By 1975, the serial killer had paired up with Indian man Ajay Chowdhury in Thailand. The pair’s first killing involved US traveller Teresa Knowlton. Her body was found wearing a bikini. And Sobhraj then hooked up with Leclerc. And prior to leaving to Nepal, four more westerners were killed.
After associates alerted Thai authorities to Sobhraj, he and Leclerc moved around, and further murders and crimes were committed as the pair crossed borders posing as jewel traders.
The Frenchman had a habit of drugging his victims, sometimes slowly over periods, which left them believing they had an illness.
And Sobhraj ended up attempting to drug around 60-odd French postgrads in New Delhi in mid-1976. But on his screwing up the dosage, some of the students came around and realised what had happened. They then apprehended the Frenchman and turned him into police.
Decades inside
After the unsuccessful drugging of the French postgraduate students, Sobhraj was sent to Delhi’s Tihar prison for 12 years. And after he drugged prison guards and escaped in 1986, the killer was recaptured and sentenced to a further 10 years.
By the time Sobhraj was released from South Asia’s largest prison in 1997, the statute of limitations had run out on a Thai warrant issued in his name, so he returned to Paris to live and charge large sums of money for interviews.
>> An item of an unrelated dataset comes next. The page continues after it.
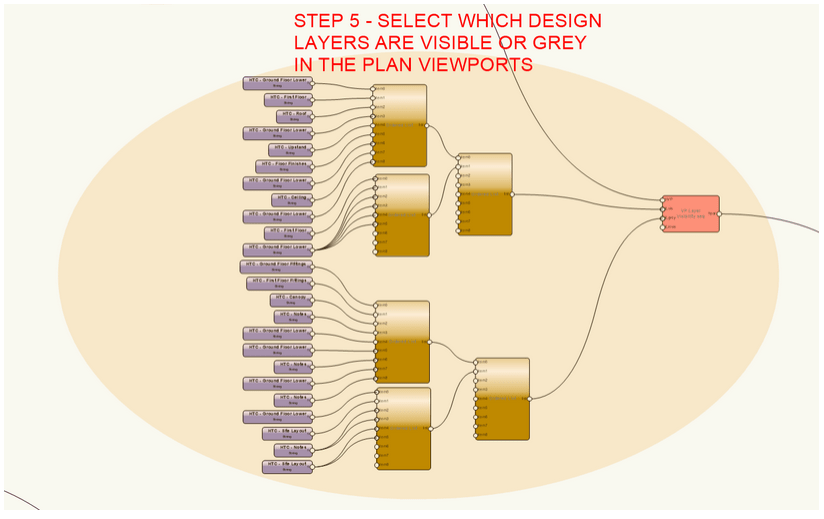 Step 5 – This step is setting up the Viewports, so the correct design layers are visible, and which are set to ‘grey’. The key node is the red node ‘VP Layer Visibility seq’.

Indeed, a miscalculated return to Nepal in 2003, saw the killer spend a further two decades in a South Asian prison on outstanding murder charges.
“I am going straight back to France to my family. I have written a manuscript with a co-writer, Jean Charles Deniau, and the book will be published,” 78-year-old Sobhraj told Indian Express on his recent release from Nepali prison last week.
“I hope to live for many years to come. I’ll devote my life to my daughter and will probably keep myself busy with books, writing and business.”
Life sentences
Whereas a life sentence in Nepal is generally set at 20 years, the situation is very different in New South Wales.
Section 61 of the Crimes (Sentencing Procedure) Act 1999 (NSW) stipulates that:
A court is to impose a sentence of imprisonment for life on a person who is convicted of murder if the court is satisfied that the level of culpability in the commission of the offence is so extreme that the community interest in retribution, punishment, community protection and deterrence can only be met through the imposition of that sentence”.
It is important to note that for cases of murder, aggravated sexual assault in company, sexual intercourse with a child under 10 and drug offences carrying a maximum penalty of life imprisonment in NSW, life means life; in other words, the offender is ordered to spend the rest of their natural lives behind bars, unless a non-parole period is set by the court.
This change was brought in as part of the ‘truth in sentencing’ reforms in 1999, before which the average time spent in prison for a life sentence was 13 years, causing public outrage.
Given the severity of a life sentence, section 61 requires that the nature and circumstances must be so serious that retribution, punishment, community protection and deterrence can only be met through a sentence of life, as opposed to, for example, a lengthy prison term.